Je lui souris poliment.

— Peut-être pas … En quoi consiste cette difficulté ?

— La psychologie s’est très mathématisée …

— Moi aussi, je me suis pas mal mathématisé. Evidemment les mathématiques que l’on faisait de mon temps … mais ça devrait suffire ?

— Mais … vous n’êtes pas mathématicien ?

— En principe non, cependant j’ai pas mal étudié. Sur le Prométhée. Là-bas … voyez-vous, nous avions pas mal de temps libre …

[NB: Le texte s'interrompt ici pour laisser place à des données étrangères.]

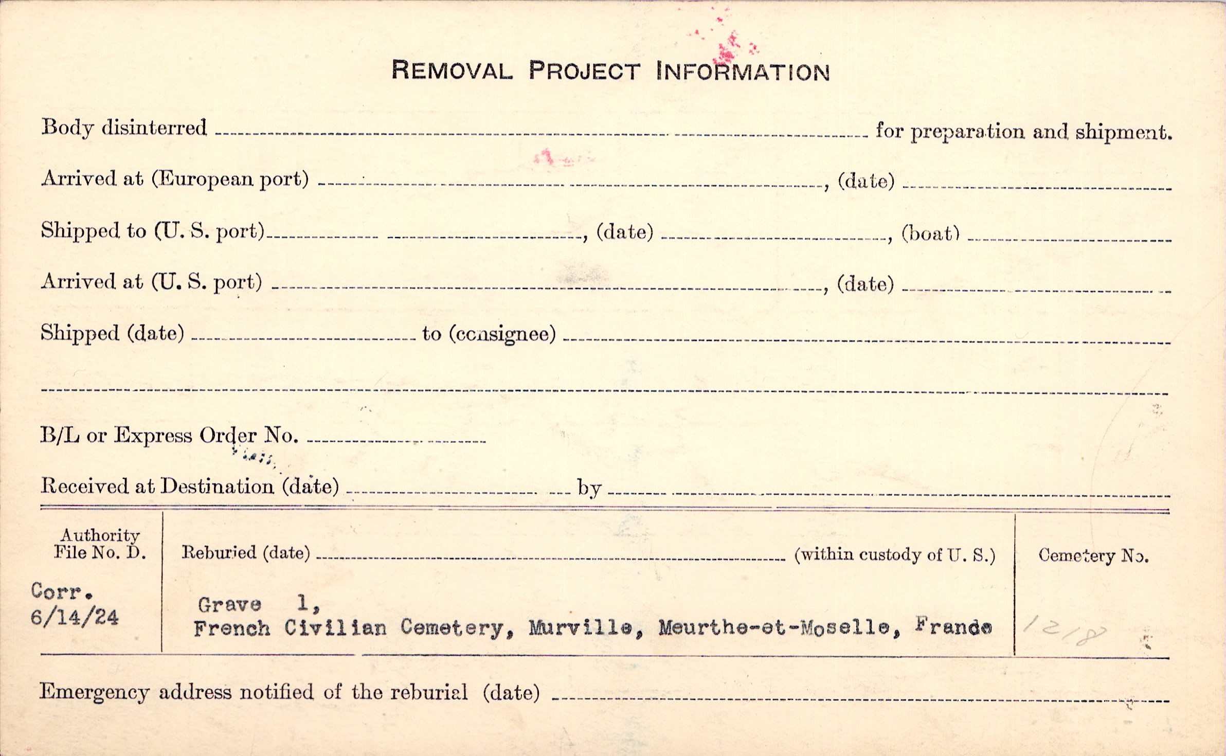 | Permanent Burial in Foreign Cemetery |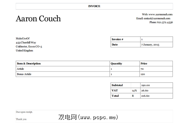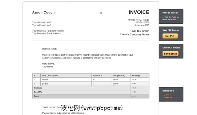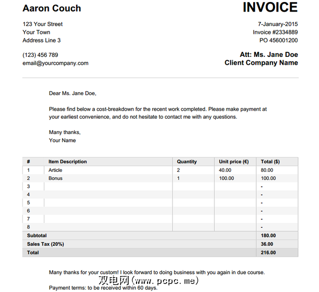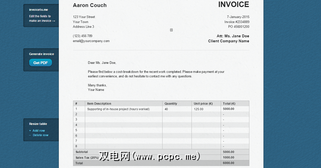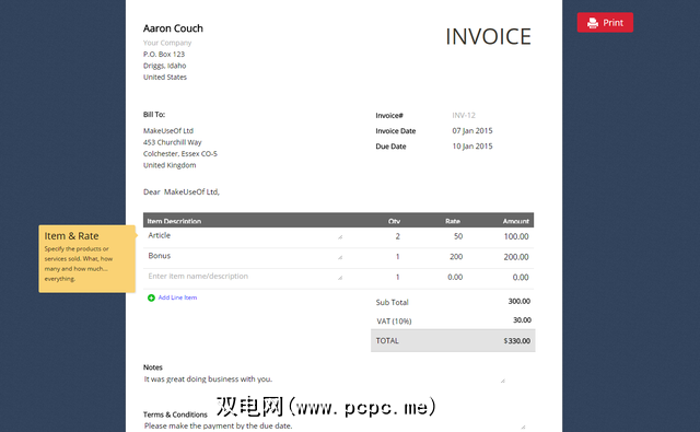 Invoiceto.me是另一个基本的发票创建者,具有很少但有用的功能。它会自动保存到浏览器的本地存储中,因此,如果您在创建发票的过程中关闭标签或浏览器,则不会丢失所有内容。发票条目上方的“从客户到客户"文本框是您可以向客户写快速便笺的地方。发票条目下方的文本框可用于付款条件和任何其他注释。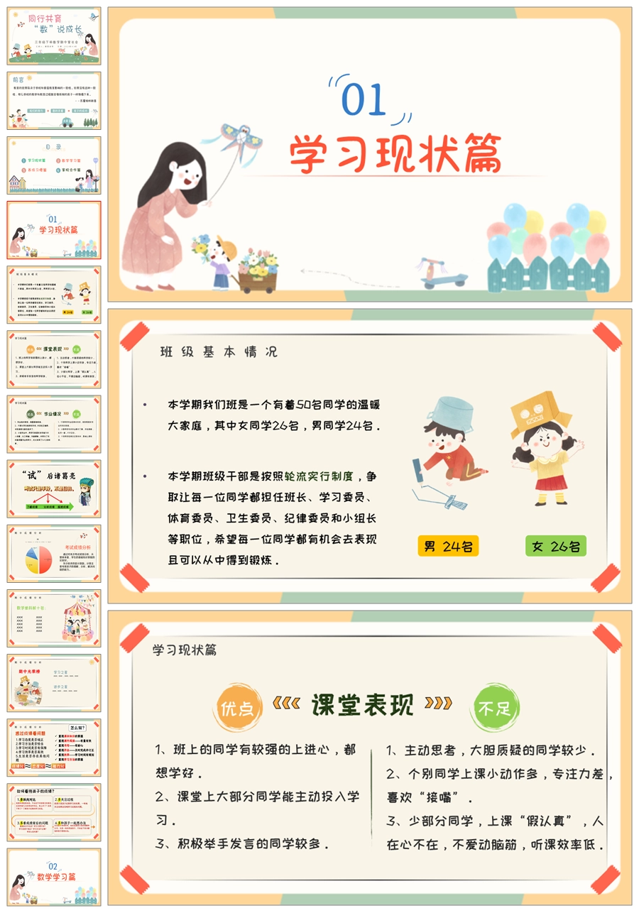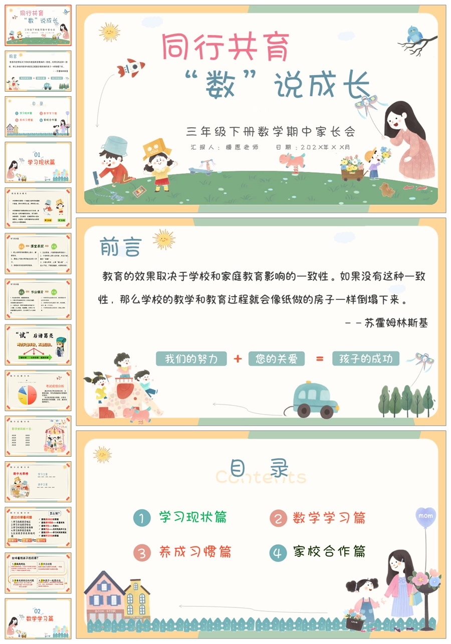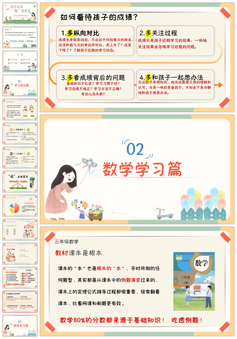 【5327】【三下】【数学】【同行共育 “数”说成长】三年级下学期期中家长会PPT课件+发言稿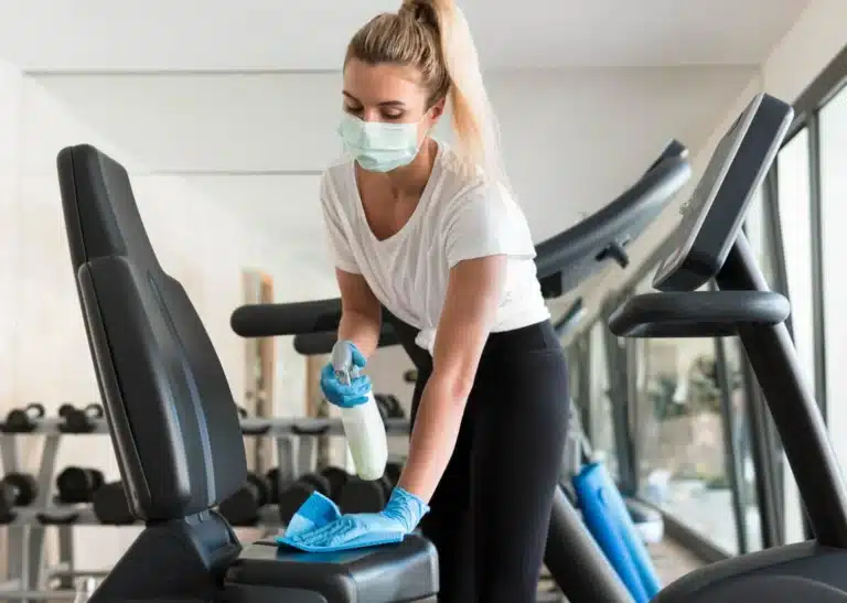 - Disease prevention: Cleaning frequently touched surfaces and fitness equipment helps reduce the chances of transmission from person to person. This helps protect against the flu, common colds, etc.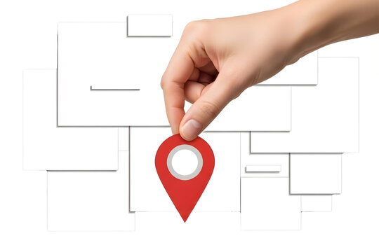 Hand holding red map pin over abstract map outline isolated on transparent background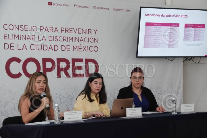 CIUDAD DE MÉXICO, 09ABRIL2026.- Conferencia de prensa del Consejo para Prevenir y Eliminar la Discriminación de la Ciudad de México (COPRED), en el que se presentó el Informe de Casos de Atención Ciudadana 2025. La presidenta del COPRED, Geraldina González de la Vega Hernández; la coordinadora de Atención y Educación del COPRED, Paola Ortiz Chávez; y la subdirectora de Apoyo Jurídico del COPRED, Sofía Pérez Sánchez, dieron a conocer los casos registrados, las áreas con mayor incidencia de discriminación y los procesos de atención. También presentaron dos cuadernos de sistematización de criterios jurisdiccionales (2019-2024) y una plataforma de registro de casos diseñada para fortalecer la toma de decisiones y la construcción de estándares institucionales. FOTO: CAMILA AYALA BENABIB / CUARTOSCURO.COM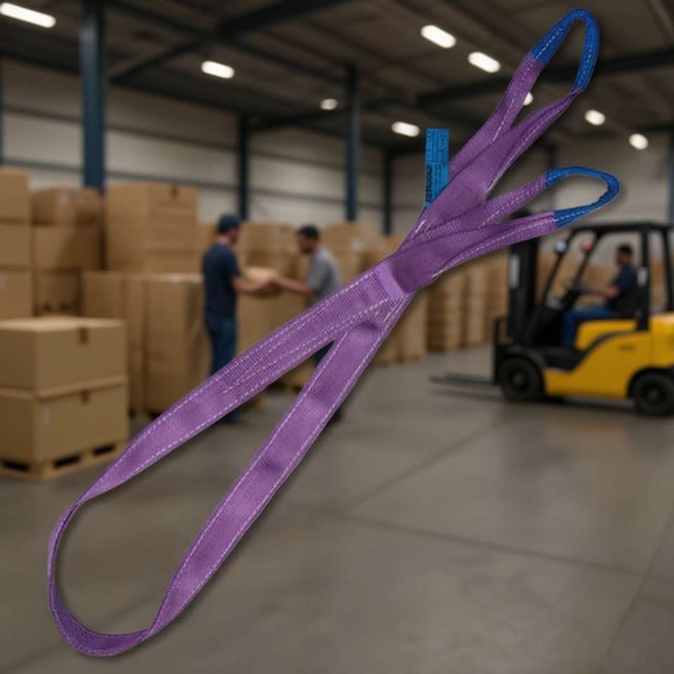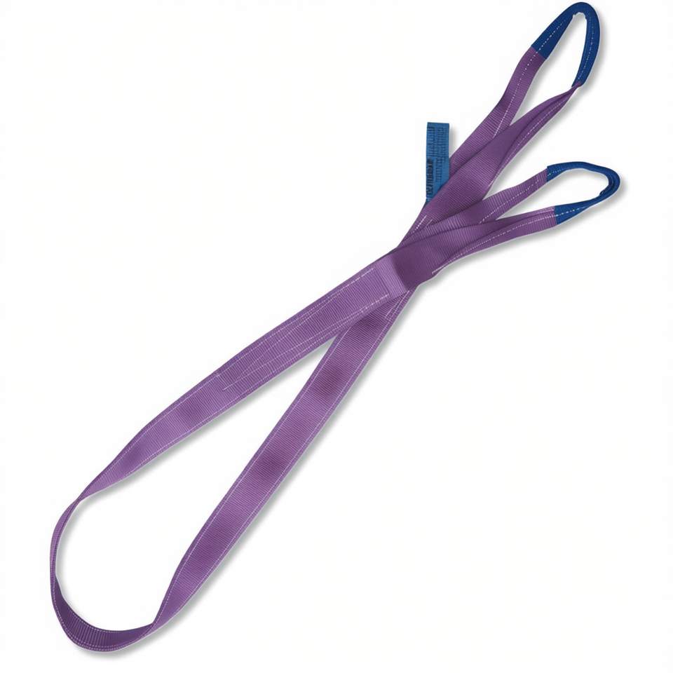 Eslinga de elevación de poliéster (PES) morado de alta tenacidad de 1 tonelada, cincha plana de doble capa con bucles reforzados para cuerdas de embalaje

Surprise, décontenancée, elle ne dit plus rien. Elle me laissa une liste de titres. Quand elle fut partie, je revins à mon bureau et m’assis lourdement. Même elle, une employée de l’Adapte ! … Des mathématiques ? Impossible. Un sauvage … Je les hais, pensai-je, je les hais. Je les hais. Je ne savais même pas à qui je pensais. A tout le monde. Oui, à tout le monde. Ils m’ont envoyé sans savoir ce qu’ils faisaient, j’aurais dû ne pas revenir, comme Venturi, comme Arder, comme Thomas, mais je suis revenu, pour qu’ils aient peur de moi, pour leur faire honte, comme un remords de conscience rejeté par tous. Je ne sers à rien, pensai-je. Si seulement je savais pleurer … Arder, lui, le savait. Il disait qu’il ne fallait pas avoir honte des larmes. Il est possible que j’aie menti au docteur. Je ne l’aurais avoué à personne, mais je ne l’aurais certainement pas fait pour quelqu’un d’autre qu’Arder. Peut-être. Peut-être pour Olaf, plus tard. Arder ! Comme ils nous ont détruits et comme nous leur faisions confiance … Nous sentions tout ce temps-là la Terre derrière nous, présente, confiante et pensant à nous. Nous n’en parlions pas, pourquoi en parler ? Cela se comprenait sans le dire, on ne discute pas les évidences.

Je ne pouvais plus rester assis. Je me levai. Je tournai en rond dans ma chambre. Suffit. J’ouvris la porte de la salle de bains, mais il n’y avait pas d’eau pour y enfoncer la tête. D’ailleurs, quelle idée ! De l’hystérie pure.

Je revins dans la chambre et commençai à faire mes bagages.